Someone else already pointed out that this was covered on MacSlash; however, I first saw this covered a little over a month ago on Macintouch. At the time, the author's employer was not revealed. I e-mailed the author, who goes by Cricket, and basically said that I thought he was in the right, and wondered if he'd take a principled stand and leave the company.
In the e-mail response I got, he thanked me and pointed out that his employer was indeed claiming the software as competing against a planned product, but that this was a legal smoke-screen to lay claim to his code. (In the California Labor Code, it's section 2870(a)1, which provides an exception for inventions that "Relate at the time of conception or reduction to practice of the invention to the employer's business, or actual or demonstrably anticipated research or development of the employer.")
The Think Secret article linked in this Slashdot article suggests that Apple is interested in adding this functionality to their Sherlock application. I'm not sure I believe this.
If the code is preserved and actually used, and if Cricket doesn't lose his job or have bad things done to him to punish him (which some employers will do instead of outright firing someone to avoid a wrongful termination lawsuit), then I think this situation can be resolved reasonably. However, I have this sick feeling that the code is going to be shelved, and nothing will ever come of it... and if this is the case, a great application will be lost for no good reason. I have no tolerance for code or technologies being "sat upon" because some large corporation wants to keep them out of the market.
In this particular instance, this almost seems like a case of a company flexing their muscles because they can, not because they really hope to gain something out of it. Indeed, this was Cricket's belief when he e-mailed me back in October -- they had no real interest in the software, nor any plans (even general ones) related to the software.
Based on my communication with the author of Netflix Fanatic, it seems that Apple is actually claiming that they planned on adding similar functionality in the OS or one of the bundled apps at some near-future time. The Think Secret article linked to in this Slashdot article seems to bolster that -- by claiming that Apple has designs on including this functionality in Sherlock.
This is, IMHO, an overly-broad reading of 2870 (a) 1. But of course, Apple's lawyers will interpret the law as liberally and broadly as possible.

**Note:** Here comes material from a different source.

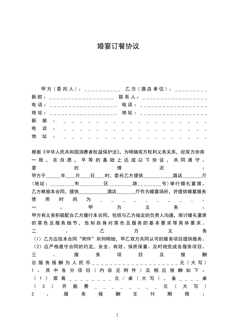 甲方于______年____月____日____时,委托乙方提供____________酒店________厅(地址:________市________区________路________号)举行婚礼宴席。
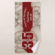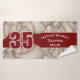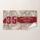 This cool towel for baseball or softball athletes features varied size, realistic, used-looking baseballs turned every which way on a customisable off-white background and prominent jersey number in dark red overlying a bold, full length dark red colour strip, upon which you can also personalise the athlete's name, team name & mascot name - by katz_d_zynes

A judge might not agree with their (and your) interpretation.
Except that I spoke to the shareware author for this app back when this started weeks ago (before Slashdot picked this up, before the Netflix Fanatic website got recently altered to omit mention of the specific laws), and the author never said, "Oops! You're right!" He pulled the application pending negotiations with his employer's legal department. At the time, I had no idea this guy was working for Apple.
Paraphrasing from the private e-mail that Cricket (the shareware app's author) gave me, he said his employer was making their claims based on 2870 (a) 1, but that this was a sham, and they had no interest other than in putting the application on a shelf and never doing anything with it. Therefore, they're in the wrong. Since the author can't afford to fight this for several reasons, justice will not prevail.

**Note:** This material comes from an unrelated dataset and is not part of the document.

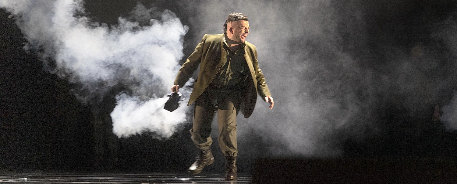 Verdi hat viele Opern mit kalter und schwarzer Musik geschrieben. Neben dem Macbeth ist auch die andere große Shakespeare-Vertonung zu nennen, Otello, mit dem genialen Libretto von Arigo Boito. Es wäre nicht verwunderlich gewesen, wenn die Neuinszenierung am Aalto-Theater Essen genauso ungemütlich und kalt ausgefallen wäre wie das Premierenwetter. Aber Roland Schwab hat in der Musik Verdis auch das hitzig-hochkochende Element entdeckt und das mit dem Ober-Fiesling der Oper schlechthin verknüpft. Jago, grandios verkörpert von Nikoloz Lagvilava, ist hier kein gemeiner Brunnenvergifter, sondern ein dämonischer Brandstifter der menschlichen Psyche. Sein nihilistisches Credo, seine tiefe Überzeugung, ist quasi sozialer Brennstoff und daher steht der Garten des zweiten Aktes plötzlich in Flammen.

Except that such contracts contravene most state and federal labor laws. And, if you read the original Slashdot article, or the original web site describing the dispute (which the author of Netflix Fanatic took down recently), you'd know that Apple is probably in the wrong, as they appear to be violating California labor law. Granted, I am not a lawyer, and I don't have all the facts (and neither do you), but such broad contracts assigning all of an employee's IP to their employer are in fact illegal in many areas. That doesn't stop employers from putting such clauses into contracts, but it doesn't make them valid or enforceable either. Quite the opposite.
Stop rubber-stamping legal abuses by corporate lawyers!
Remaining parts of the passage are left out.